What do we get with this sql?
Planning events
Some events are re-occuring in life such as birthdays or the dreaded "Get the kids from school" event!
SELECT
firstname, birthdate, c2.dt AS next_birthday
FROM
birthdays r join hlp_calendar c1 on c1.dt = r.birthdate, hlp_calendar c2
WHERE
c1.mt = c2.mt AND c1.dy = c2.dy AND
c2.dt BETWEEN DATE('now') AND DATE('now', '+180 days')

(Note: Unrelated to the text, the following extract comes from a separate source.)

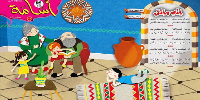 احتفت مجلة اسامة في عددها الجديد الصادر الكترونيا عن الهيئة العامة السورية للكتاب “مديرية منشورات الطفل” بالجد والجدة من خلال لوحة الغلاف للفنانة غصون دمراني وهي تعبر عن فرح الأطفال بلقاء جديهما وقصيدة الشاعر قحطان بيرقدار بعنوان جدي وجدتي.

Getting the upcoming birthdays of my relatives and friends:
firstname birthdate next_birthday
-----------------------------------------
John 2001-03-02 2015-03-02
Sue 2006-06-12 2015-06-12
Planning events
Planning some re-occuring events using an events table with typical re-occurence fields:
SELECT
name, starting_date, ending_date, repeats_on, c2.dt AS event_date
FROM
events e join hlp_calendar c1 ON c1.dt = e.starting_date,
hlp_calendar c2
WHERE
c2.dt between e.starting_date and e.ending_date
AND (
(repeats_on = 'daily')
OR (repeats_on = 'weekly' AND c1.dyw = c2.dyw)
OR (repeats_on = 'weekday' AND c2.isweekday = 1)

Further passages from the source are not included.